— Ну и что же?
Я тщетно ждал ответа. Карим замолчал и молчал так долго, что у меня вновь начали слипаться глаза.
— Я был на Скалистом пороге!. — с каким-то странным восторгом произнес вдруг Карим. — Первый раз был — мы строили станцию, и еще один раз был — весной. Наши опять пойдут туда осенью, а я не пойду. Нет, не пойду! — повторил он, словно удивляясь твердости своего решения.
— Что так?
Карим не ответил. Он отстранился в темноту, и, когда вновь оказался рядом со мной, в руке у него было письмо.
— Ты передашь Кате, да? Это не мое письмо, это снизу письмо. Катя очень его ждала.
— Передам, будь покоен.
Я протянул руку за письмом, но Карим не торопился мне его вручить.
— Дорога опасная, друг, а письма редко сюда приходят. Будь осторожен, как слеза на реснице.
Я заверил Карима, что приложу все усилия к тому, чтобы уцелеть и доставить Кате письмо.
— А обо мне ты ей ничего не говори, да?..
Светлые белки Каримовых глаз висели надо мной, словно два белых печальных цветка.
«Плохо твое дело, парень», — подумал я, пряча письмо в нагрудный карман куртки.
2
Желто-зеленая долина вскоре скрылась из виду. Дорога, все время круто забиравшая вверх, перешла в дорожку, а дорожка — в прерывистую, едва различимую каменистую тропку, повисшую над глубоким ущельем, изрезанным клыками скал. Далеко внизу ревела река, захлебываясь собственной пеной. Порой вровень с нами над ущельем проплывало тощее разорванное облачко. Задевая об острые отроги, облачко лохматилось все больше и, достигнув нависшей над ущельем исполинской скалы, таяло, умирало на ее каменистой груди.
Подчас нам приходилось ползти, цепляясь за выступы скал и шершавый мох. Мелкие осколки осыпались из-под наших локтей и колен, и Борисенков отдышливо ворчал:
— Помни, путник, от тебя до могилы один шаг.
Он столько раз повторял эту подслушанную у чабанов древнюю памирскую поговорку, что в конце концов настроился на меланхолический лад и даже перестал возмущаться дорогой. По правде говоря, и мне не раз казалось, что я обману доверие Карима и не доставлю письма.

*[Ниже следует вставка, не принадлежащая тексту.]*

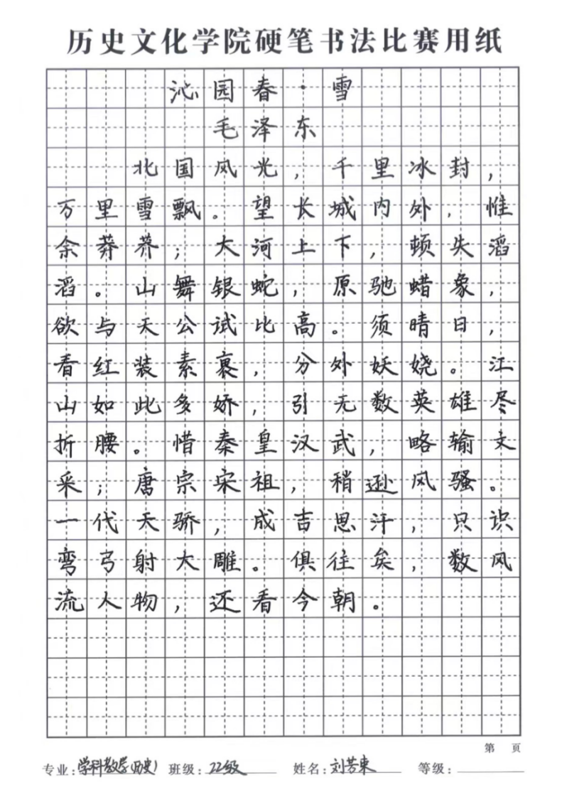 硬笔特等奖:刘佳艺(20级历史)

И только Хвощ оставался верен своему обычному хладнокровию и даже не забывал отбивать образцы горных пород. К этому занятию у него, старого поисковика, была какая-то ребяческая страсть.
К исходу дня мы благополучно достигли места намеченной стоянки в глубокой, защищенной от ветров расселине. Мы скинули рюкзаки и повалились на каменистую землю, показавшуюся нам мягче пуховой перины.
— Теперь я понимаю, почему наш друг Карим так благодарил меня за то, что я согласился взять для Кати «совсем маленький» сверток, — сказал Борисенков.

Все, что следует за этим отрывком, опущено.